**PROBLEM REQUIREMENTS:**
Only one stretch of the data below is wanted: the lines starting at the one with "Состав одобрил Экоголик." and ending at the one with "シモツケ 白🤍、ピンク💕、濃いピンク💗 みんな一緒に見ることできて嬉しい😆", both included, given again exactly.

**DATA FOR ANALYSIS:**
+--

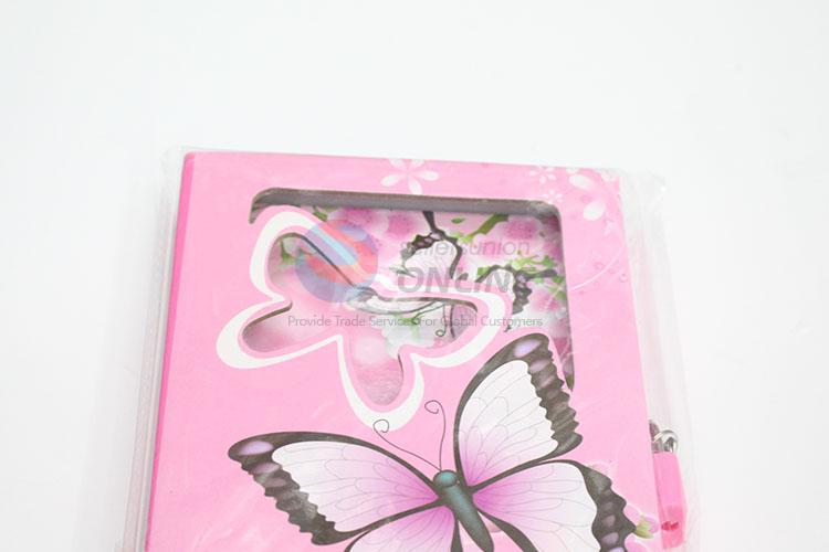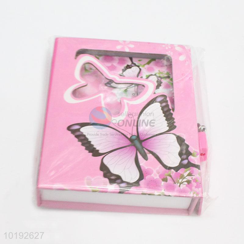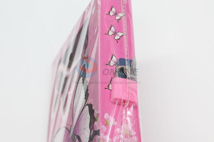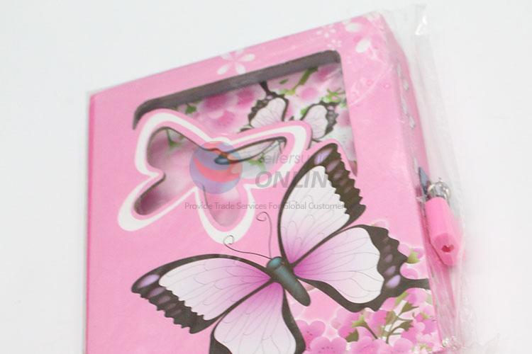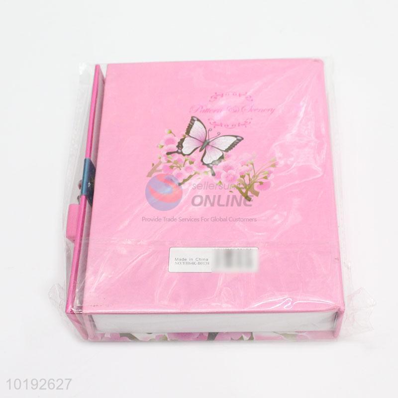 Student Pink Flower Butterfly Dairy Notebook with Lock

+--

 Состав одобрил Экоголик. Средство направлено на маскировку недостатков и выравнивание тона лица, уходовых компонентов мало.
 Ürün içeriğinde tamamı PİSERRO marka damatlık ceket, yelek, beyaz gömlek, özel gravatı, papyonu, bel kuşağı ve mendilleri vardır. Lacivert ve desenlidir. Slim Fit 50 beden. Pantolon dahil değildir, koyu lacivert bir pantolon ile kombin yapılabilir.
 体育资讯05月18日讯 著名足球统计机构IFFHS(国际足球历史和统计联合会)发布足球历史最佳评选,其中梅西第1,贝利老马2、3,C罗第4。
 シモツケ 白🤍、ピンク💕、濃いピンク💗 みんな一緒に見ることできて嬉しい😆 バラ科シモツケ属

+--

**OUTPUT BELOW:**
 Состав одобрил Экоголик. Средство направлено на маскировку недостатков и выравнивание тона лица, уходовых компонентов мало.
 Ürün içeriğinde tamamı PİSERRO marka damatlık ceket, yelek, beyaz gömlek, özel gravatı, papyonu, bel kuşağı ve mendilleri vardır. Lacivert ve desenlidir. Slim Fit 50 beden. Pantolon dahil değildir, koyu lacivert bir pantolon ile kombin yapılabilir.
 体育资讯05月18日讯 著名足球统计机构IFFHS(国际足球历史和统计联合会)发布足球历史最佳评选,其中梅西第1,贝利老马2、3,C罗第4。
 シモツケ 白🤍、ピンク💕、濃いピンク💗 みんな一緒に見ることできて嬉しい😆 バラ科シモツケ属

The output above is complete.